Ayala Malls The 30th (formerly The District Pasig & Paradigm as working names) is a shopping mall built and managed by Ayala Malls. It is the first Ayala Mall in Ortigas Center as well as in Pasig and the first Ayala Mall to be managed by Mariana Zobel De Ayala. The mall opened on January 12, 2017.

The mall was named "The 30th" as it is located at 30 Meralco Avenue.

==Features==

Ayala Malls The 30th

The four-level mall sits in a 2 ha property located across The Alexandra and between The Renaissance residential condominiums and the Mimaropa regional office of the Department of Education.

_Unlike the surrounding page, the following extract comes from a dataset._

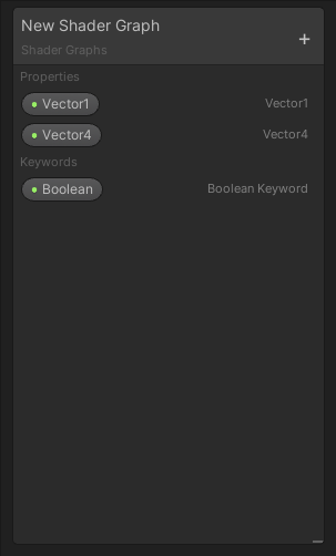 An area that contains all of the shader's properties in a single, collected view. Use the Blackboard to add, remove, rename, and reorder properties. Refer to Blackboard for more information.

It features four levels with approximately 184 shops, restaurants and services (under Service Avenue). Rustan's Supermarket serves as its anchor supermarket. A two-level open space / garden called Corte, located outside the mall, became a haven for events. The mall has three levels of basement parking.

The mall features entertainment options including Timezone branch and Mystery Manila escape room. It featured four cinemas, including two equipped with reclining seats, before they were permanently closed in 2025.